DSM-5: Somatische symptomen en gerelateerde stoornissen
-
Somatic symptom Disorder: overdreven bezorgdheid omtrent 1 symptoom
Illness Anxiety Disorder: overdreven angst om een ernstige ziekte te hebben
Conversion Disorder: Door acute stress schakelen de hersenen bepaalde lichamelijke
functies uit. Hierdoor ontstaat het beeld dat kan lijken op een neurologische ziekte
Psychological Factors affecting other medical conditions
Factitious Disorder: zichzelf symptomen toebrengen (Munchausen) of bij iemand anders
(Munchausen by proxy)
Conversiestoornis
A. Een of meer symptomen of uitvalsverschijnselen die de willekeurige motorische of
sensorische functies treffen, die doen denken aan een neurologische of andere somatische
aandoening.
B. Psychische factoren worden verondersteld met het symptoom of uitvalsverschijnsel samen
te hangen omdat het begin of het verergeren van het symptoom of uitvalsverschijnsel
voorafgegaan wordt door conflicten of andere stressveroorzakende factoren.
C. Het symptoom of uitvalsverschijnsel wordt niet met opzet veroorzaakt of voorgewend (zoals
bij de nagebootste stoornis of simulatie).
D. Het symptoom of uitvalsverschijnsel is, na adequaat medisch onderzoek niet eerder toe te
schrijven aan een bekende somatische aandoening of het directe effect van een middel of als
een cultureel aanvaarde vorm van gedrag of ervaring.
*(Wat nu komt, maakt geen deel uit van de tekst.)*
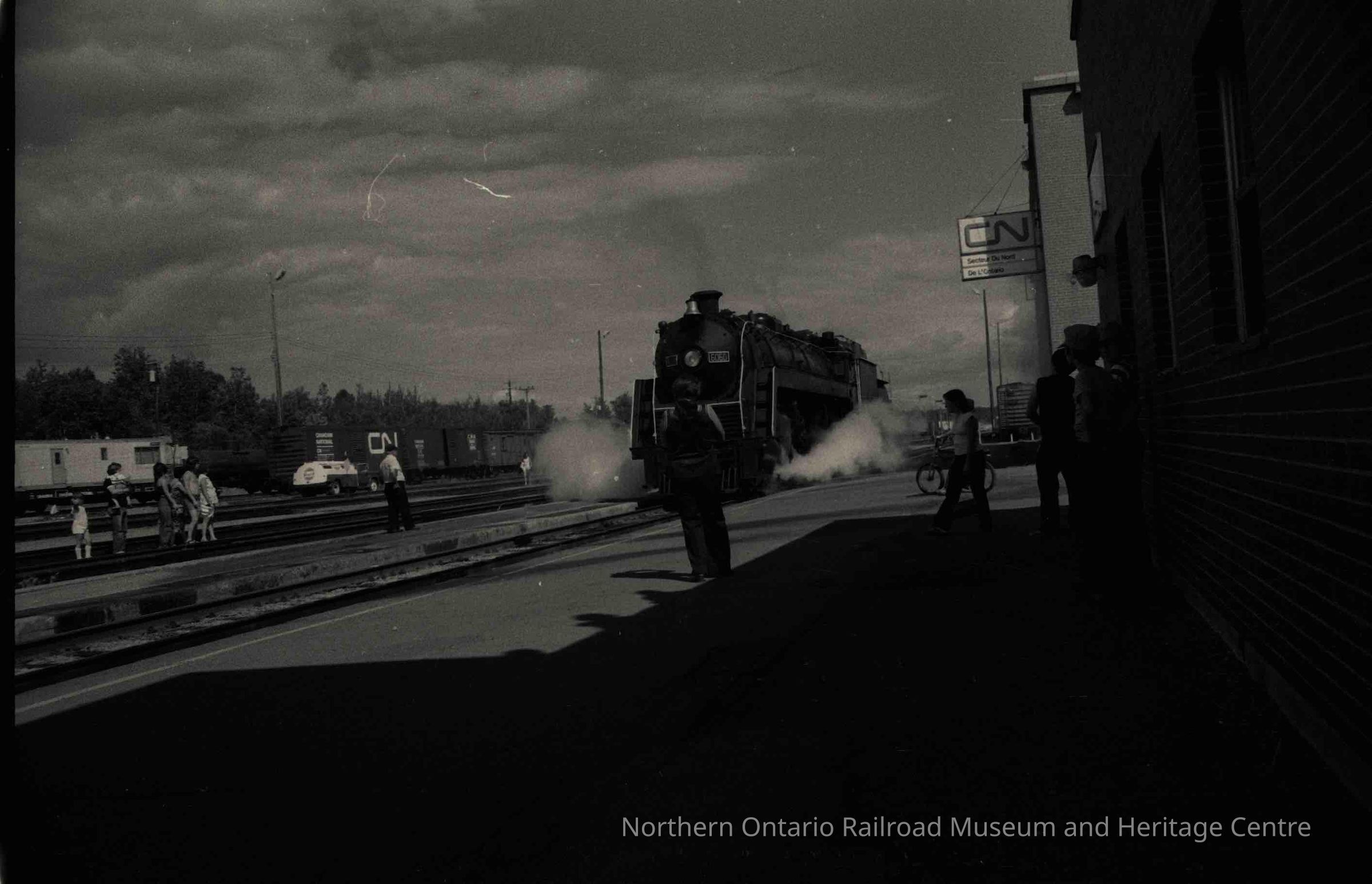 Black and white photograph showing Canadian National Steam Locomotive #6060 either pulling into or out of the station in Capreol, OntarioPhotograph Details

E. Het symptoom of uitvalsverschijnsel veroorzaakt in significante mate lijden of beperkingen
F. Het symptoom of uitvalsverschijnsel is niet beperkt tot pijn of seksuele dysfunctie, komt niet
uitsluitend voor in het beloop van een somatisatiestoornis en is niet eerder toe te schrijven
aan een andere psychische stoornis.
→
Meest voorkomende uitingen van conversiestoornis zijn verlamming van de ledematen,
problemen met gezicht of gehoor, algemene vermindering van de zintuiglijke
waarneming en verlies van het spraakvermogen. Ook kunnen motorische stoornissen of
stuipen optreden. Het komt voor dat klachten snel verdwijnen als de patiënt in het
ziekenhuis wordt opgenomen, maar vaak keren deze later weer terug.